先帝時期,貢獻最為大,能力最為高的,便是王召之了。
可以說,沒有王召之,就沒有大夏朝堅固的四百多道防洪大壩。
沒有王召之,就沒有后來名震天下的威遠軍。
王召之幫著威遠老將軍,一手打造起來的威遠軍,卻是被這些卑鄙險惡的蛀蟲,毀了!
皇上恨得咬牙。
可憐王召之闔府上下,數百口人命!
真是……
拳頭捏的死死的,一腔怒火,在心頭翻滾。
“當年謀逆的,是何人?他又是如何將王召之誣陷的!”
鎮國公側頭看了云王一眼。
云王一臉的無所畏懼,面色帶著冷酷的傲然。
云王手里有叱云軍,他根本不怕罪名被揭露。
可他……
鎮國公只覺得有些上不來氣。
虛弱的晃了晃身子,道:“當年那件事,臣只是被云王指使,散播王召之火燒洛河鎮的謠,至于王召之是如何被云王設計陷害,臣不清楚,而當年真正的謀逆之人……”
頓了頓,鎮國公目光微微一顫,“聽聞,是齊王。”
坐在側面,蘇清和容恒,頓時雙雙一驚。
而皇上,更是狠狠一皺眉,“齊王?”
先帝在位時,先帝對齊王,何其看重,甚至他這個所謂的嫡出之子,都比不上齊王在先帝心中的分量。
這皇位,險些就是齊王的。
齊王怎么會謀反。
一連串狐疑在皇上心頭泛起,皇上看向云王,“是齊王?”
云王傲然挺著脊背,“不錯,是齊王。”
眼見云王這樣的態度,皇上心下嚯的一跳,“是你與齊王,聯手?事情敗露,你們便嫁禍給王召之!”
云王頓時笑起來。
“陛下英明,可惜,先帝沒有陛下這般英明。不錯,是臣與齊王聯手,九泉之下,不知先帝要如何面對王召之家數百口人命了。”

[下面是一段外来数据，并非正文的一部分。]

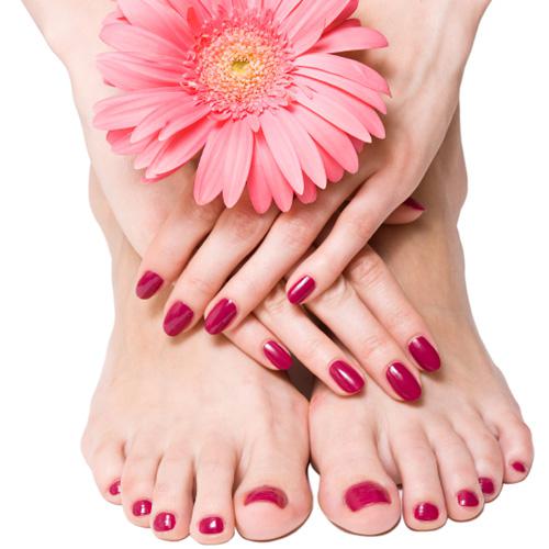 Bains de peid, traitement des callosités par ponçage ou gommage, soins des cuticules et limages des ongles.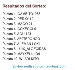 Lista de participantes: MAGO 21, LUIX_ALGECIRAS, MAYKELILLO9, ALEMAN LOKI, A69TEPONGO, AGU 123, PERIQ112, GAMBITO1983, WLADI KITO, COKEGOL6.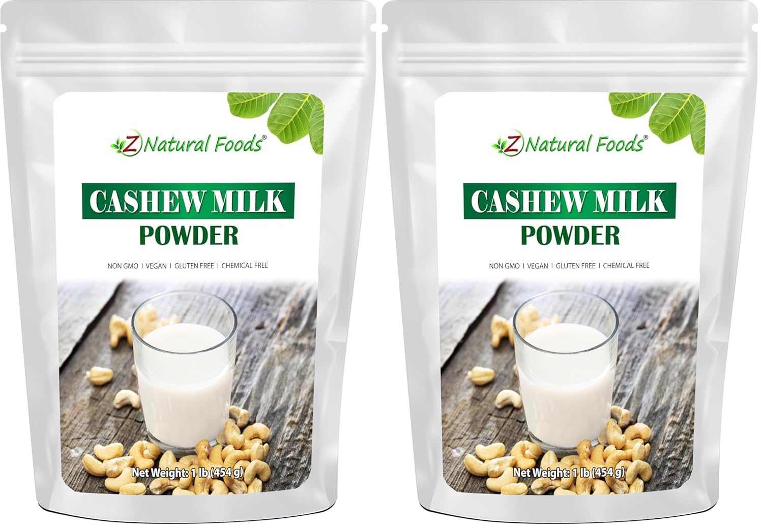 Z Natural Foods Cashew Milk Powder, Cashew Milk for Healthy Heart, Bones, and Skin, Ideal for Tea, Smoothies, and Recipes, High in Fiber, Non-GMO, Vegan, Gluten-Free, Kosher, 1 lb. (Pack of 2)
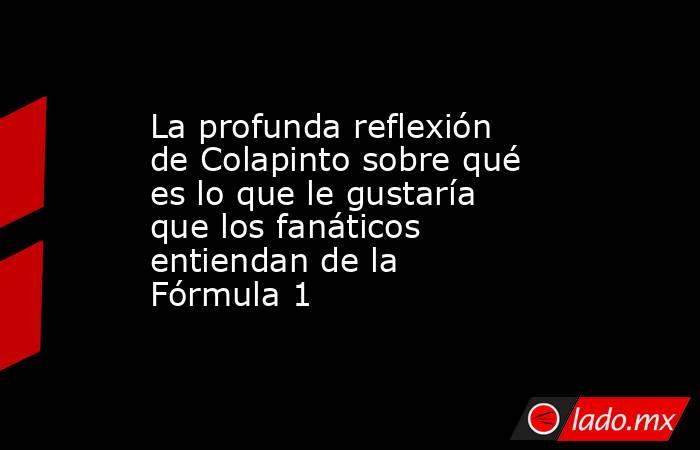 Más allá de que primero soltó un “complicada”, Colapinto dejó una profunda reflexión sobre el trabajo que no suele valorarse de los pilotos. “Creo que también deberían entender que esto es más una carrera de autos que una carrera de pilotos”, argumentó el pilarense. Inmediatamente, hizo hincapié en que no siempre se valora realmente la actuación de un competidor, independientemente del resultado final en la grilla.

皇上看著面前這個被五花大綁還傲然不可一世的云王,恨得只想一把捏斷他的脖子。
可云王手里有數十萬叱云軍。
今日在大佛寺,他和蘇清,公然表示,并不畏懼云王那數十萬的叱云軍會怎樣。
可不管蘇清是如何意思,他的話,卻也僅僅是為了安撫民心。
數十萬叱云軍,都是經歷過戰場廝殺的,比京西那些駐軍的殺傷力,強大何止百倍。
再加上京西駐軍就在平陽軍眼皮子底下,蘇清率軍攔截殲滅,易如反掌。
可叱云軍不同。
遠在千里之外。
若真是全軍嘩然起了反心,不必直奔京都,他們只在四周作亂起來,朝廷都會動亂不堪。
派軍鎮壓,最好就是派平陽軍,畢竟,眼下大夏朝,也只有平陽軍與叱云軍實力相當。
可眼下,京西駐軍已經徹底被大皇子帶著走上邪路,又被平陽軍大敗,完全沒有了用武之地。
一旦平陽軍揮師南下,平定叱云軍,京都這邊,就無軍隊守護。
如果這個時候,叱云軍再勾結了其他地方的軍隊攻擊過來,后果不堪設想。
更不要說,鄰國蠢蠢欲動。
在沒有完全安頓好叱云軍之下,他根本不能動云王分毫。
一想到這里,皇上只覺心頭憤怒又無力。
捏緊的拳頭,死死的攥著。
云王冷眼覷著皇上的神色,心頭越發篤定下來。
他就知道,手中的赤云大軍,是他的保護傘。
君臣對峙,御書房內,氣氛催的人心肝顫。